+++ Data for analysis +++
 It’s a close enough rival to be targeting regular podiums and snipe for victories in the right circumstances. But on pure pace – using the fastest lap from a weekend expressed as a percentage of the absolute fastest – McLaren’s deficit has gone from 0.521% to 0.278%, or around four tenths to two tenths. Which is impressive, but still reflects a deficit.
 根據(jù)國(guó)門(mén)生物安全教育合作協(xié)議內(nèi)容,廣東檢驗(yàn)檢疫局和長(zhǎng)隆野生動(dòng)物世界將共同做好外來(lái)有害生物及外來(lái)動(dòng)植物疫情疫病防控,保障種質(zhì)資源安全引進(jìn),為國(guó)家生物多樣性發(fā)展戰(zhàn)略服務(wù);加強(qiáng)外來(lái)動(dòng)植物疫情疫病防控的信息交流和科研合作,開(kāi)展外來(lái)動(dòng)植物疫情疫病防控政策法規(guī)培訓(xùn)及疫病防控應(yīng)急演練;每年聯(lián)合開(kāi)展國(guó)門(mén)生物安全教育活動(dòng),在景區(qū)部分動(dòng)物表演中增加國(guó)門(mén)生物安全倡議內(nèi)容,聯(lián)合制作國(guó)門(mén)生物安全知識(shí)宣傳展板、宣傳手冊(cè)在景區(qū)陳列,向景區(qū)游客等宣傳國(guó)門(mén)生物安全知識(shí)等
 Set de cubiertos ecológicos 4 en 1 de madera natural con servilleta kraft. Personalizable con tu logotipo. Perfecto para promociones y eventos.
+++
+++ Data for analysis +++
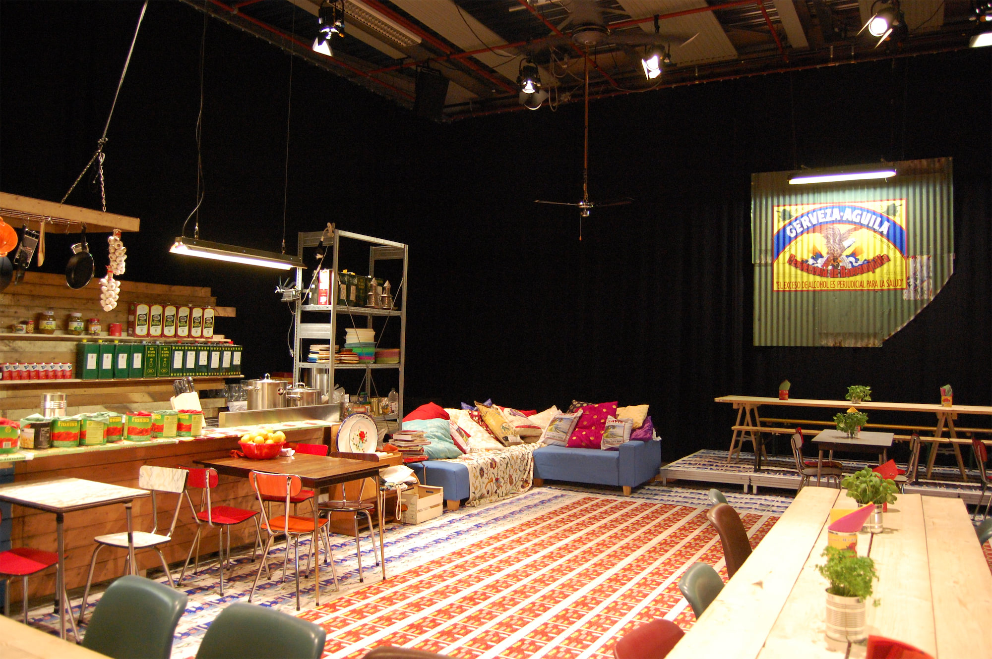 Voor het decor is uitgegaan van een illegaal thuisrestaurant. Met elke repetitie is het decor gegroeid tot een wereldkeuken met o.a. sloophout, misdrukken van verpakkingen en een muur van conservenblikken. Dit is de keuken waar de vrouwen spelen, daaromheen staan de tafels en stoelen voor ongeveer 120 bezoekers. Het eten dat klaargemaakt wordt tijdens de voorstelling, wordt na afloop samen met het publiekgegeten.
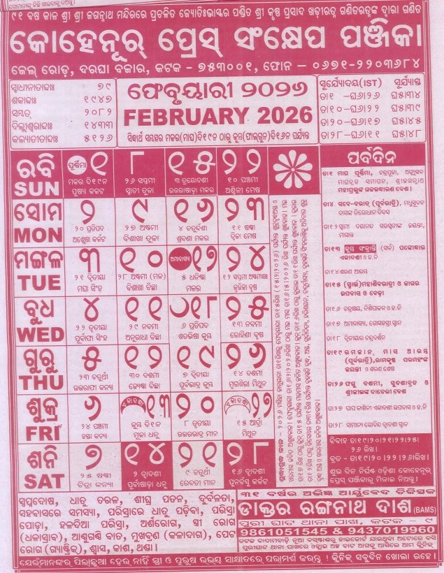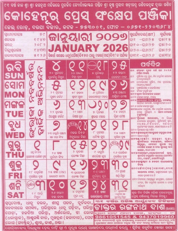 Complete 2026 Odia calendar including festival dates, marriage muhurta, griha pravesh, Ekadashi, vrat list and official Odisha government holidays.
+++
→ What needs to be done:
Give back precisely the lines above that start at the line containing "It’s a close" and end at the line containing "Set de cubiertos", inclusive. No other lines belong in the output.

→ Task answer:
 It’s a close enough rival to be targeting regular podiums and snipe for victories in the right circumstances. But on pure pace – using the fastest lap from a weekend expressed as a percentage of the absolute fastest – McLaren’s deficit has gone from 0.521% to 0.278%, or around four tenths to two tenths. Which is impressive, but still reflects a deficit.
 根據(jù)國(guó)門(mén)生物安全教育合作協(xié)議內(nèi)容,廣東檢驗(yàn)檢疫局和長(zhǎng)隆野生動(dòng)物世界將共同做好外來(lái)有害生物及外來(lái)動(dòng)植物疫情疫病防控,保障種質(zhì)資源安全引進(jìn),為國(guó)家生物多樣性發(fā)展戰(zhàn)略服務(wù);加強(qiáng)外來(lái)動(dòng)植物疫情疫病防控的信息交流和科研合作,開(kāi)展外來(lái)動(dòng)植物疫情疫病防控政策法規(guī)培訓(xùn)及疫病防控應(yīng)急演練;每年聯(lián)合開(kāi)展國(guó)門(mén)生物安全教育活動(dòng),在景區(qū)部分動(dòng)物表演中增加國(guó)門(mén)生物安全倡議內(nèi)容,聯(lián)合制作國(guó)門(mén)生物安全知識(shí)宣傳展板、宣傳手冊(cè)在景區(qū)陳列,向景區(qū)游客等宣傳國(guó)門(mén)生物安全知識(shí)等
 Set de cubiertos ecológicos 4 en 1 de madera natural con servilleta kraft. Personalizable con tu logotipo. Perfecto para promociones y eventos.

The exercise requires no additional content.